The genesis of the work is as follows: In 1979, performance Grace Ferguson asked me to prepare a "soundscore" for her piece, Don't Sue the Weatherman. I went around the San Francisco Bay and recorded a number of different fog horns. A kind of tape collage resulted, using not only fog horns but other sea sounds, falsetto keenings and gambuh (a Balinese flute). Much electronic processing and tape manipulation were visited upon the raw sounds.
I extracted part of the score, calling it simply Fog, and began playing it as a tape piece before Gradual Requiem. The idea of adding brass music as an overlay - or a trope, if you will - came when John Adams invited me to perform at the San Francisco Symphony's New and Unusual concert series.

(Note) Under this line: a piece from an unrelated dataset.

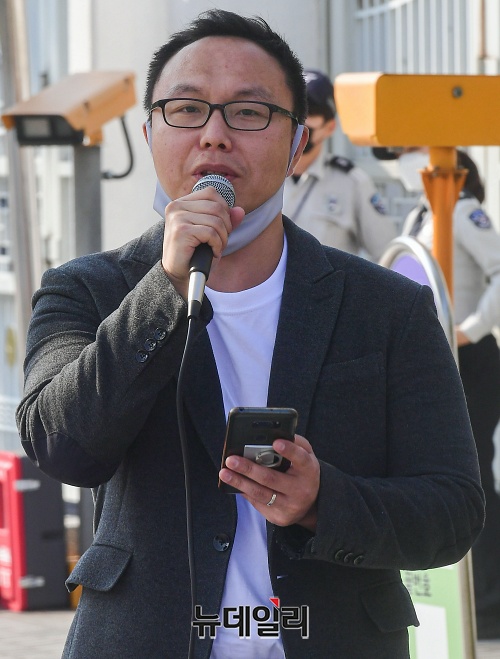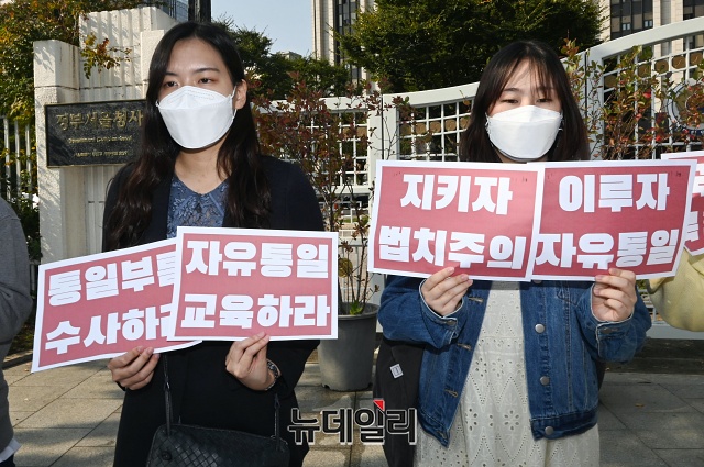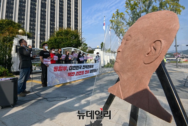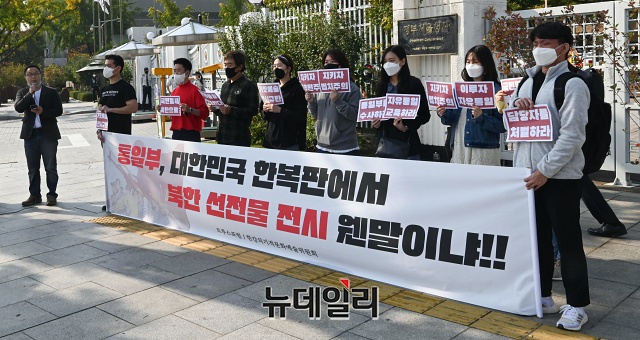 김은구 트루스포럼 대표가 12일 오전 서울 종로구 정부서울청사 앞에서 열린 '통일부 북한체제선전물 전시 규탄 기자회견'에서 발언하고 있다.김 대표는 "국제연합(UN)의 제재대상인 북한 '만수대창작사' 소속 근로자의 북한 체제선전물이 통일부 산하 오두산 통일전망대에 전시되고 있다"며 "입수 경로도 확인되지 않았고, 전시에 세금 5,000만원이 할당됐다"고 말했다.이어 △전시작품의 입수 경로 공개 △북한 체제선전물을 전시한 책임자 징계 △북한 체제선전물 밀반입자 색출 및 엄벌 등을 요구했다.

He suggested that Fog might benefit from some "live" horns.
So, I composed the new version in January 1982, employing some of the harmonic ideas of Gradual Requiem (e.g. ascending minor triads) and it was premiered at the Japan Center Theatre on February 18th with members of the San Francisco New Music Ensemble, John Adams conducting.
It has since enjoyed performances by other ensembles, including the Pittsburth, St. Louis and San Francisco Symphonies, the Vancouver New Music Society, Solid Brass, and others. A lot of people are reminded of San Francisco when they hear this piece, but not I. To me it is just about fog, and being lost in the fog.
The brass players should sound as if they were off in a raft floating in the middle of a mist-enshrouded bay.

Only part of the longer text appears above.